### [WHAT YOU NEED TO DO]
Pictures stay out; everything else from the first line of the entries down through the line with "La naturaleza creativamente" gets copied exactly.

### [DATASET]
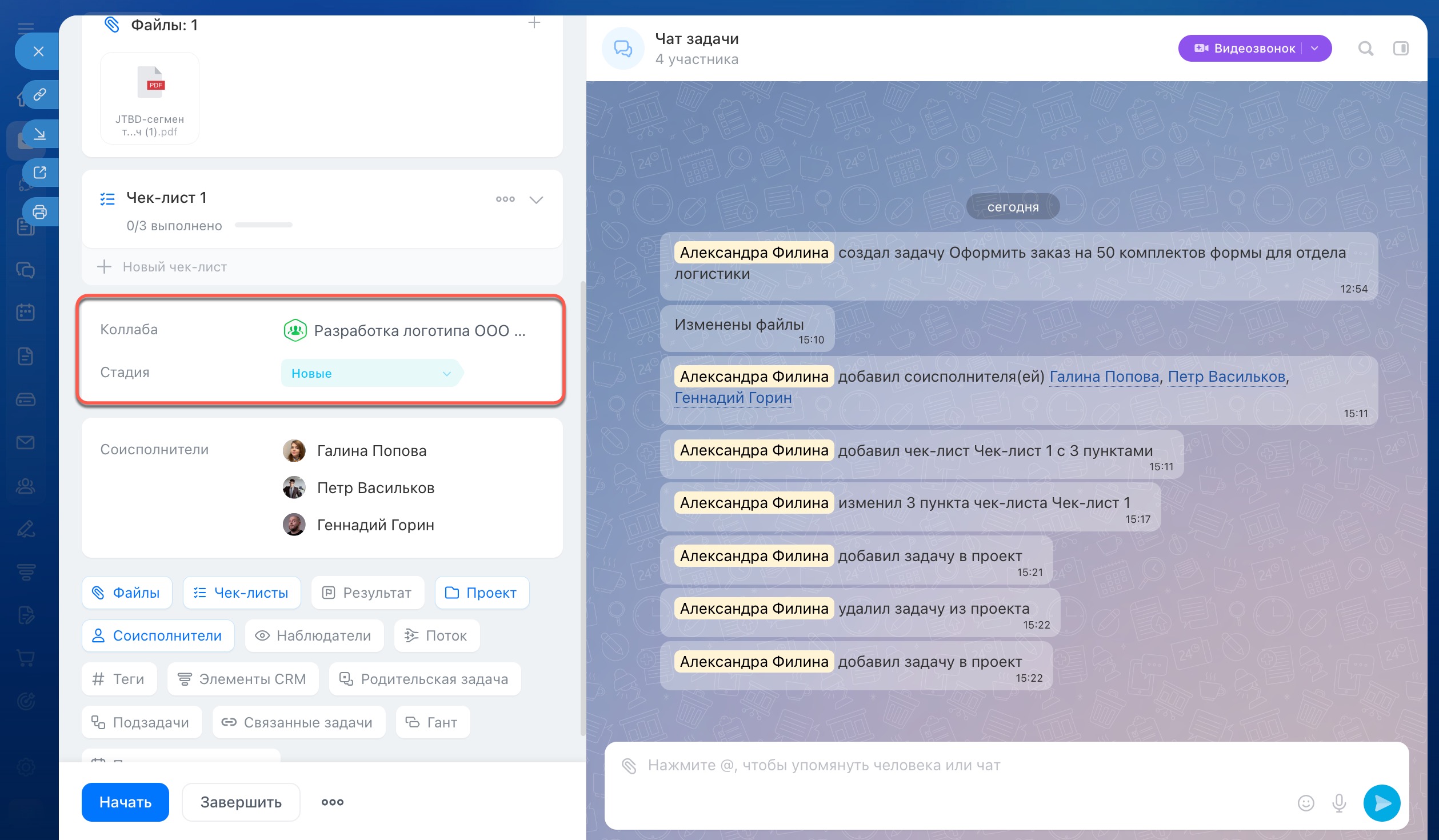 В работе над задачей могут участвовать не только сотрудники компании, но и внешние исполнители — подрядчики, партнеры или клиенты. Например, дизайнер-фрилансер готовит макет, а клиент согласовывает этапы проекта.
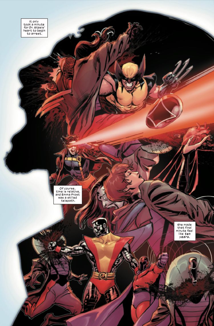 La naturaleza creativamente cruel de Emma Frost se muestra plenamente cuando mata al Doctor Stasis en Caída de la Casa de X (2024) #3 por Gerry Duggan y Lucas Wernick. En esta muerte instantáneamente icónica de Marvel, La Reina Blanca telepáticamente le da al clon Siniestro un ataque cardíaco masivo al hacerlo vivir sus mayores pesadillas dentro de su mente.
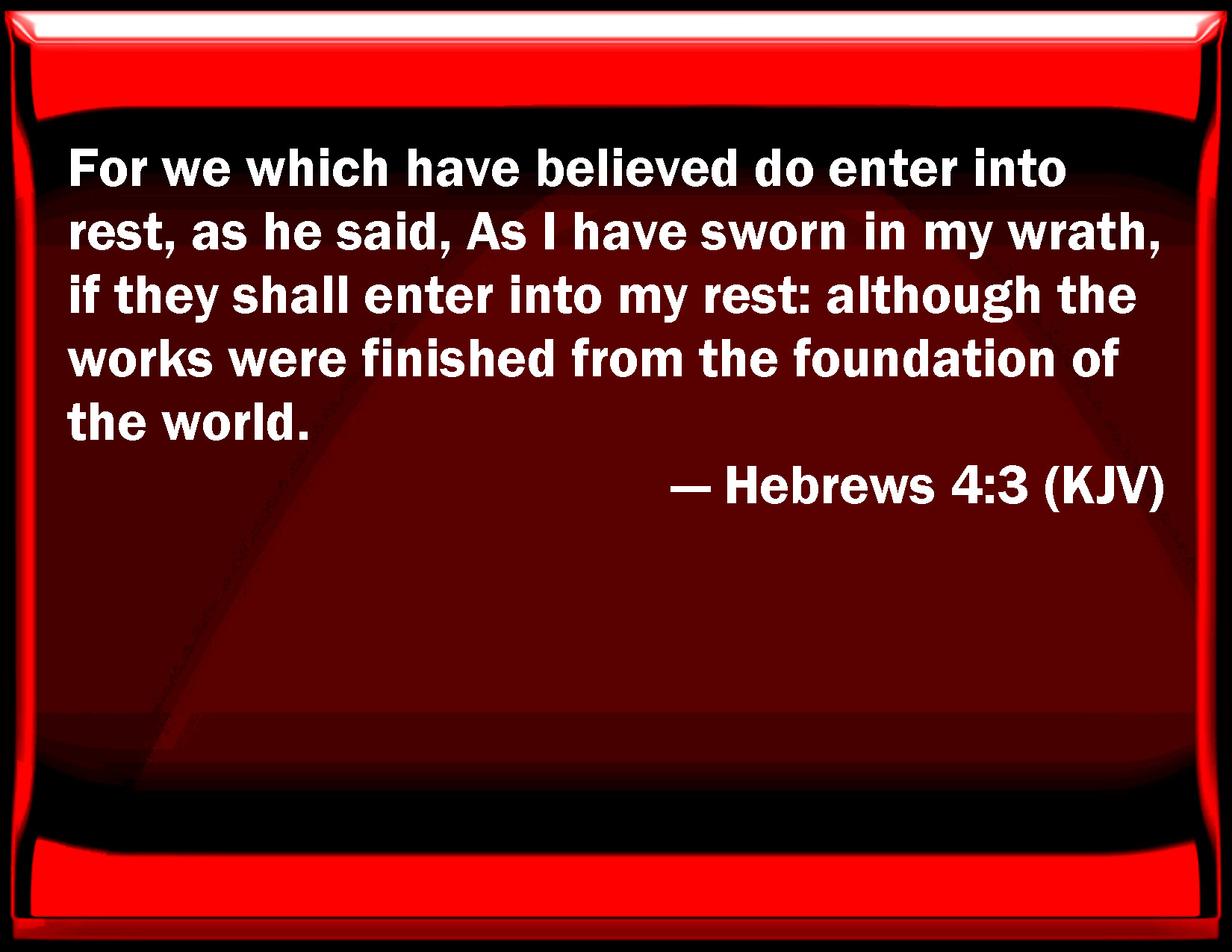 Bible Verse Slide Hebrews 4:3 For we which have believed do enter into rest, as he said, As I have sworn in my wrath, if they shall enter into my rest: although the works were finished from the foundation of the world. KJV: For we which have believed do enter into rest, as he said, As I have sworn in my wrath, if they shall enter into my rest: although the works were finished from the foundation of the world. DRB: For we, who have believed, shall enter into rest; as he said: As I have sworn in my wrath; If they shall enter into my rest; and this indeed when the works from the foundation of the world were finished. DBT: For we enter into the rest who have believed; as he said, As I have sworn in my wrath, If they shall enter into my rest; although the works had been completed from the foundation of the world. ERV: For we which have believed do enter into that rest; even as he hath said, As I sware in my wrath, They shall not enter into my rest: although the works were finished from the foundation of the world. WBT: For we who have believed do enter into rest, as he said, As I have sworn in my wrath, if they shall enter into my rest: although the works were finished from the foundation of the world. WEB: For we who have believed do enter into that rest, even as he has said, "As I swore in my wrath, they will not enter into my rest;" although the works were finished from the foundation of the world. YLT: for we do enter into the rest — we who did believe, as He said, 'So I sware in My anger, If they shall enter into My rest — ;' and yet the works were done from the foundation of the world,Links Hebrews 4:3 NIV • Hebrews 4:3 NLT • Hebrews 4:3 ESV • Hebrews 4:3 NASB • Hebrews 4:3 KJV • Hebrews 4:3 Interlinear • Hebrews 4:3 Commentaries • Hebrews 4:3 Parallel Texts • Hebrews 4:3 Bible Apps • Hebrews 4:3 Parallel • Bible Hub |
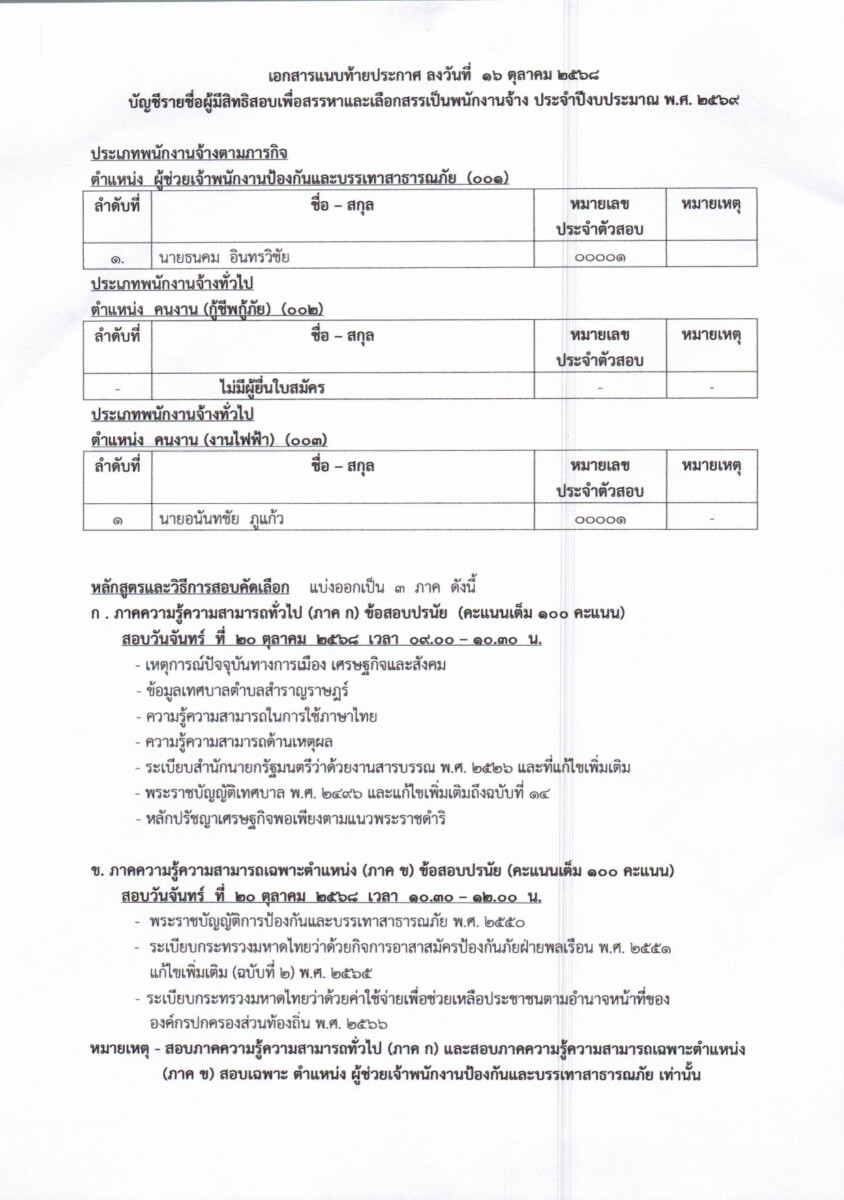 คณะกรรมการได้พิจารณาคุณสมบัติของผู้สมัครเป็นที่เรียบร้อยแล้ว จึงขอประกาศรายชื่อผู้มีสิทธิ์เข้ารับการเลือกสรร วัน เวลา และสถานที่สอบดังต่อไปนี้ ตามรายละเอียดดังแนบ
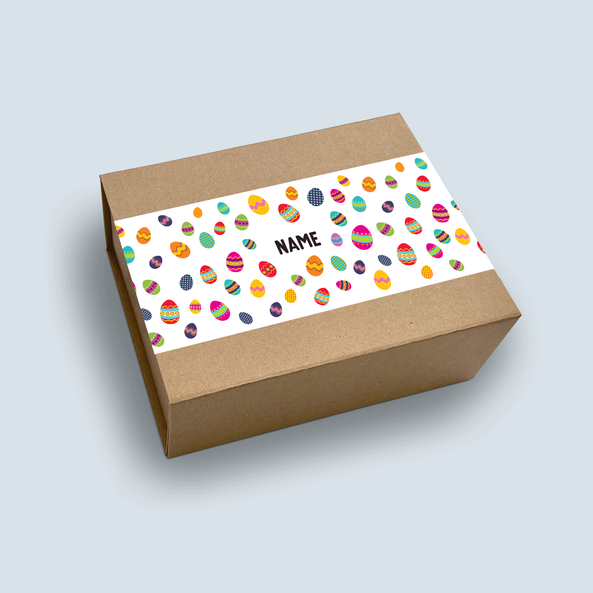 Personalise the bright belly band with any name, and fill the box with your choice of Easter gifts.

### [RESPONSE]
 В работе над задачей могут участвовать не только сотрудники компании, но и внешние исполнители — подрядчики, партнеры или клиенты. Например, дизайнер-фрилансер готовит макет, а клиент согласовывает этапы проекта.
 La naturaleza creativamente cruel de Emma Frost se muestra plenamente cuando mata al Doctor Stasis en Caída de la Casa de X (2024) #3 por Gerry Duggan y Lucas Wernick. En esta muerte instantáneamente icónica de Marvel, La Reina Blanca telepáticamente le da al clon Siniestro un ataque cardíaco masivo al hacerlo vivir sus mayores pesadillas dentro de su mente.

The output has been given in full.